Słynny amerykański raper Lil Wayne następny rok, a jeśli będzie grzeczny - osiem miesięcy, spędzi w nowojorskim więzieniu. Powód? Nielegalne posiadanie broni.
27-letni Lil Wayne, a właściwie Dwayne Carter, broń miał w swoim autobusie w lipcu 2007 r. Z wyrokiem skazującym pogodził się tym bardziej, że był on wynikiem umowy. Raper obiecał się od niego nie odwoływać.
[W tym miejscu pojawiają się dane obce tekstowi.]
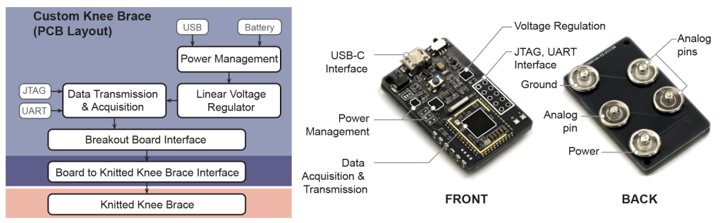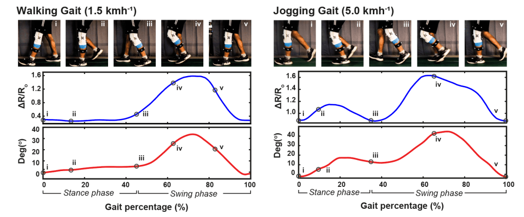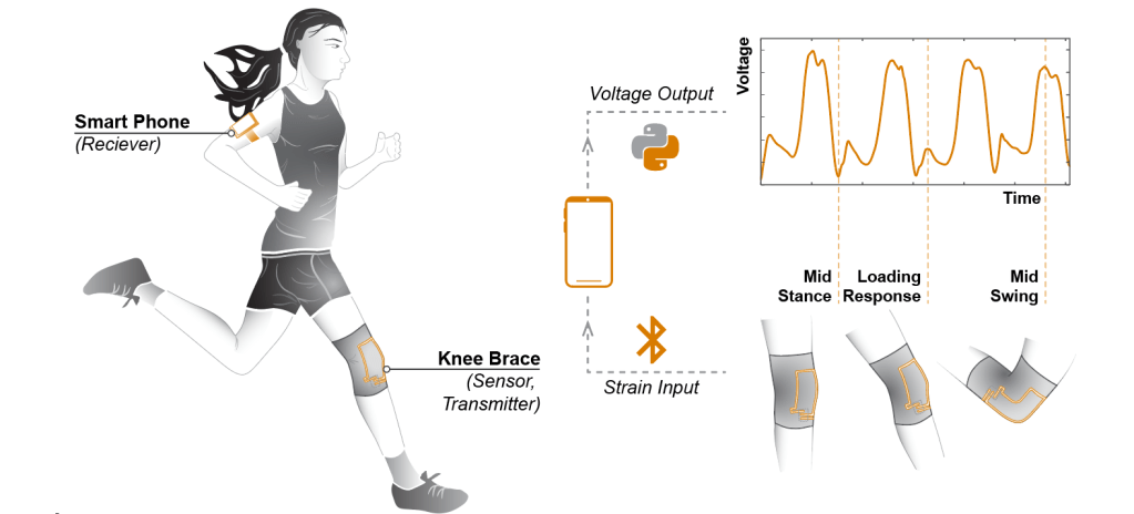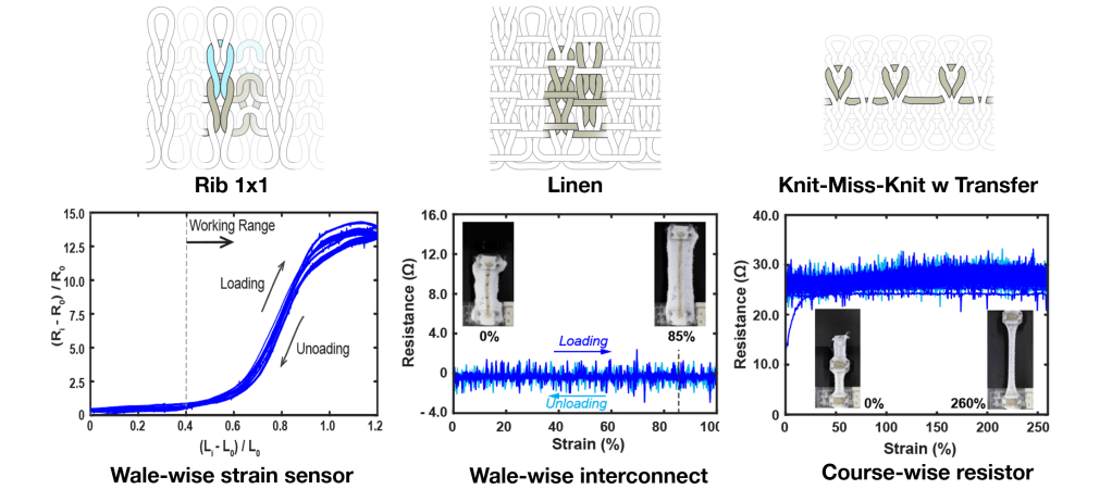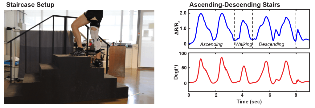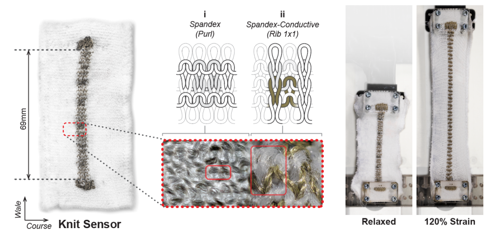 To demonstrate a potential application of this technology, a fully knitted smart knee brace for long-term unsupervised monitoring of lower-limb activities was developed. The flexible strain sensor, interconnects, and resistor were knitted as a potential divider circuit. The strain sensor signal responds to the flexing of the knee joint, and a comparison with motion capture data shows good correlation between the knitted strain sensor signal and the motion capture data. The technology can potentially be applied in the medicine, sports, and occupational health fields.
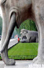 石像生:在十三陵大碑楼至龙凤门的神路两侧。有石兽二十四座(狮、獬、豸、骆驼、象、麒麟、马各四,均二卧二立),石人十二座(武臣、文臣、勋臣各四),为明宣德十年(1435年)整修长陵、献陵时雕造。均用整块巨石琢成。

Wyroku muzyk wysłuchał w ciszy, którą zachował także gdy wychodził z sądu w kajdankach. Jego kroki skierowane były do stanowego więzienia Rikers Island. Posiedzi tam rok, a jeśli się będzie dobrze sprawował, wyjdzie już po ośmiu miesiącach.
Nie zasypia gruszek w popiele
Więzienie raczej raperowi nie zaszkodzi. Na swoim zatargu z prawem muzyk, którego album "Tha Carter III" był najlepiej sprzedającą się płytą w USA w 2008 r., już zdążył skorzystać.
W oczekiwaniu na wyrok zdążył nakręcić sześcioczęściowy serial dla MTV o swoim życiu. Po wyjściu z więzienia z pewnością powstaną kolejne odcinki.